裴玄寂聞言,眉峰幾不可察地一蹙,幾乎不假思索便要下令改走另一條穩妥的官道繞行。
“叔父大人!”
一個帶着未淚痕的聲音急切地響起。
沈清嫵抬眸望來:
“這山腳下……還有一處楊家村!雨勢如此駭人,村莊地勢低窪,恐怕……恐怕也已危在旦夕!我們去看看可好?若能提前預警或施以援手,亦是功德無量!”
裴玄寂目光沉靜地掠過她。
他自然知曉楊家村的存在,但通往村落的道路,多半也已被這泥石流波及。
“阿嫵知道還有一條小路可通楊家村。”
沈清嫵仿佛看穿了他的顧慮,急忙補充:
“而且比官道更近。只是……有一段路,馬車無法通行。”
此言一出,裴玄寂幽深的目光終於完全落在了她的臉上。
這審視的目光太過迫人,沈清嫵心頭一緊,濃密的長睫如同受驚的蝶翼,慌亂地垂下,在她白皙的眼瞼下投下淡淡的陰影。
她似乎在他的注視下潰不成軍,聲音也重新變得細弱怯懦:
“是阿嫵自不量力了……如今自身尚且需要仰仗大人庇護,卻還妄想着救助他人……自古君子不立危牆之下,是阿嫵……不懂事了。”
她越說聲音越低,近乎喃喃自語,但那細微的聲響,在這寂靜的車廂內,卻字字清晰地敲在他耳中。
“你在激將我。”
裴玄寂冷聲開口,聲音裏辨不出喜怒。
沈清嫵倉皇抬頭,矢口否認:
“阿嫵不敢!”
然而,在那張素來嬌柔溫順的臉上,此刻卻分明掠過一絲極淡的、不肯苟同的倔強。
“呵……”
一聲意味不明的低笑自他喉間溢出,在這馬車中顯得格外清晰;
嚇得沈清嫵肩膀幾不可察地一顫,身子下意識地往後縮了縮,仿佛恨不得能融入車壁之中,避開他迫人的氣場。
“怕我?”
他忽然傾身少許,拉近了兩人之間的距離;
那雙深邃的眼眸鎖住她,語氣裏帶着一絲玩味的冰冷:
“莫非覺得,本相……會吃人?”
沈清嫵被他這突如其來的近和詰問弄得措手不及,呼吸一窒,正不知如何應對——
卻見裴玄寂已倏然撤回了迫近的氣勢,眸光轉向車外肆虐的雨幕,聲音恢復了慣常的淡漠,卻帶着不容置疑的決斷:
“改道,楊家村。”
“是!” 莫霄沉穩的應答聲自車外傳來。
馬車在泥濘小路上顛簸前行,沈清嫵指引的方向確實比官道更近,只是道路狹窄難行,最後一段果然如她所言,馬車無法通行。

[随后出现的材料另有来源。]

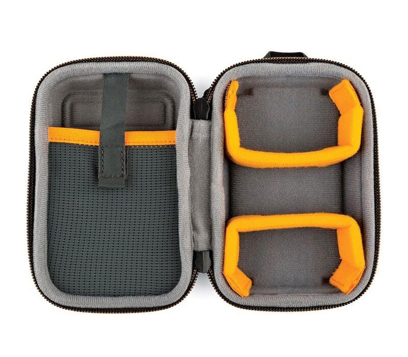 Жесткий чехол-ракушка из прочного и легкого материала FormShell хорошо защищает не только от ударов, но и от сдавливающей нагрузки. Подходит для небольших цифровых камер (Sony RX100 и аналогичные), экшн-камер и 360° панорамных камер. Два внутренних разделителя на липучках позволяют лучше организовать внутреннее пространство (примеры на фото), а также предотвращают «болтанку» камеры внутри чехла. Внутри также предусмотрен карман для USB кабеля, сменного аккумулятора, карты памяти. Молния с двумя застежками открывается легко и быстро.
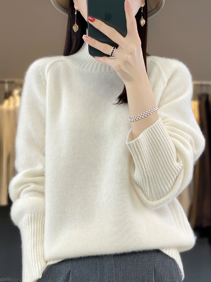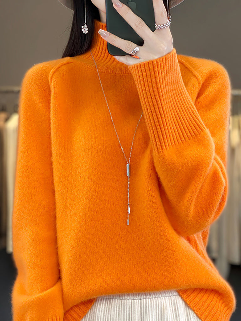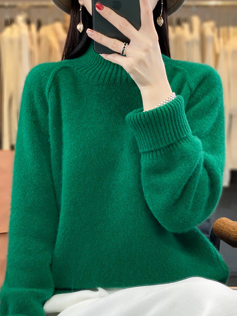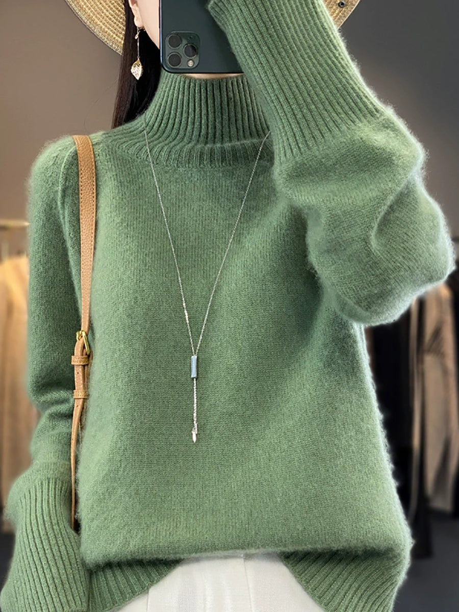 Dámský zimní ležérní pletený svetr s čistými barvami
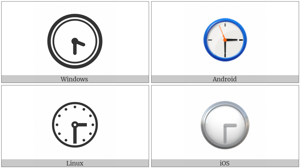 The image below shows how the “Clock Face Three-Thirty” symbol might look like on different operating systems. If the font in which this web site is displayed does not contain the symbol and there is no fallback font able to render it, you can use the image below to get an idea of what it should look like.
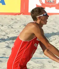 Konstantin Sergeyevich Semenov (Russian: Константин Сергеевич Семёнов; born 9 June 1989, Tokmok) is a Russian beach volleyball player.[7] He competed for Russia at the 2012 Summer Olympics with his teammate Sergey Prokopyev finishing at the shared 9th place.[8] As of August 2013 he has won one tournament in the FIVB World Tour and two in the CEV European Tour alongside two other podium spots in the World Tour.[9] At the 2016 Summer Olympics, Semenov and his new teammate Vyacheslav Krasilnikov finished as fourth.[7] Since the end of 2017, Semenov plays with Ilya Leshukov. They qualified for 2020 Summer Olympics in Tokyo.
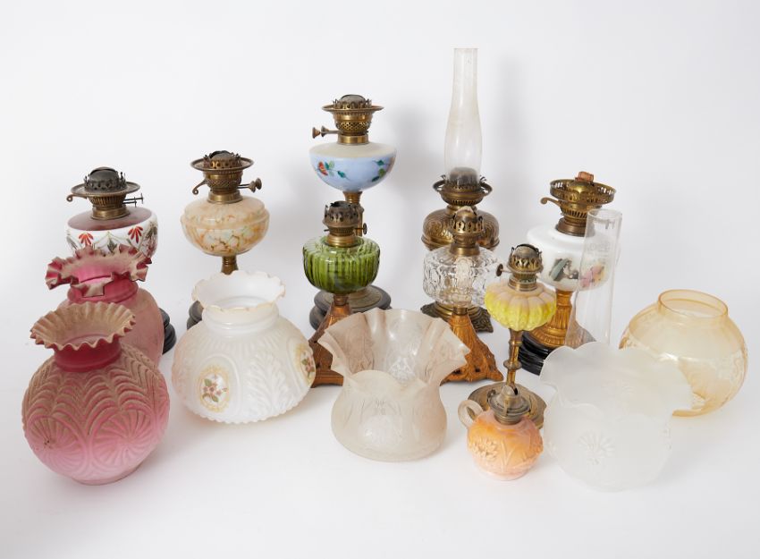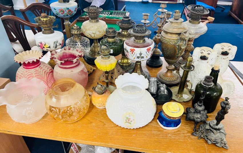 A collection of Victorian and later oil lamps coloured and other glass shades, ornate brass candelabra, chamber stick, pewter etc.
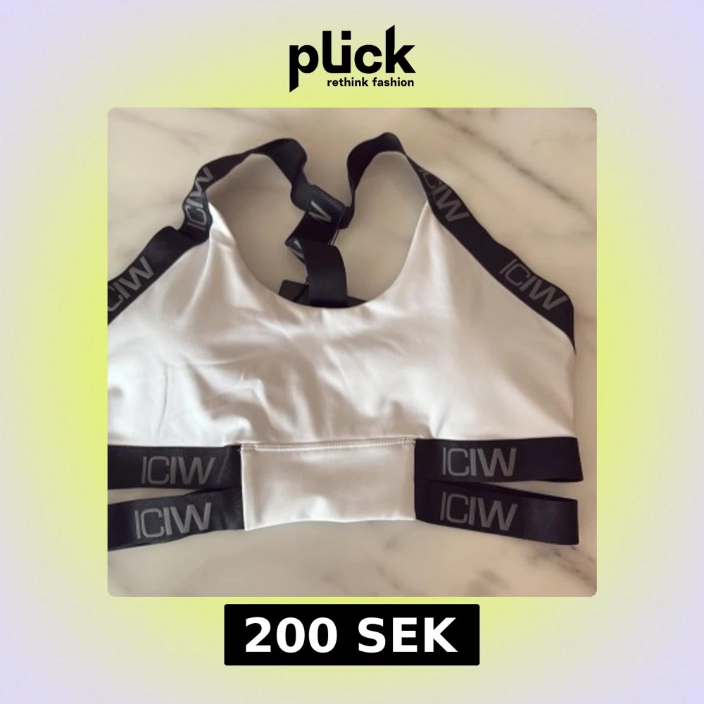 Snygg vit sporttopp från ICANIWILL med svarta elastiska band och logga runt axlar och midja. Toppen är ärmlös och har en modern, atletisk look som passar perfekt till träning. Materialet är mjukt och följsamt för maximal komfort.
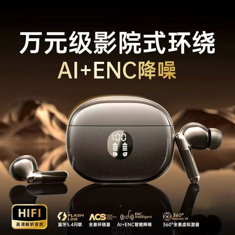 AI降噪】蓝牙耳机柏林之声无线运动跑步入耳式通话降噪游戏无延迟超长续航 墨玉黑高级【9D音效】
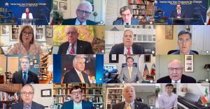 clockwise from bottom left, Hon. Michael Mukasey, 81st U.S. Attorney General, Mr. Jonathan Ruhe, Amb. Mitchell Reiss, General (ret) Chuck Wald & Former NJ Senator Robert Torricelli, discuss the Iranian regime nuclear ambitions, during March 25, 2022 NCRIUS conference.

裴玄寂率先下車,玄色衣袍瞬間被雨水浸透,緊貼在他挺拔的身軀上。
莫霄沉默地緊隨其後。
沈清嫵提起溼重的裙擺,正欲跟着下車,卻見已立於泥水中的裴玄寂倏然轉身,將車上僅存的一件厚實雨披,不由分說地兜頭罩在了她身上。
動作帶着他一貫的、不容置喙的利落。
她微微一怔,,唇角牽起一抹怯生生的、帶着感激的笑意:
“多謝叔父大人體恤。”
裴玄寂只從喉間逸出一聲幾不可聞的冷哼,眸光在她被寬大雨披襯得愈發纖細的身形上停留一瞬,便漠然轉身,望向雨幕中的村落。
雨勢持續了一天一夜,非但未歇,反而愈發狂暴。
村莊在雨幕中若隱若現,一行人走進,發現低窪的地勢使得村口已積起一層泥水,幾戶人家的院子也進了水。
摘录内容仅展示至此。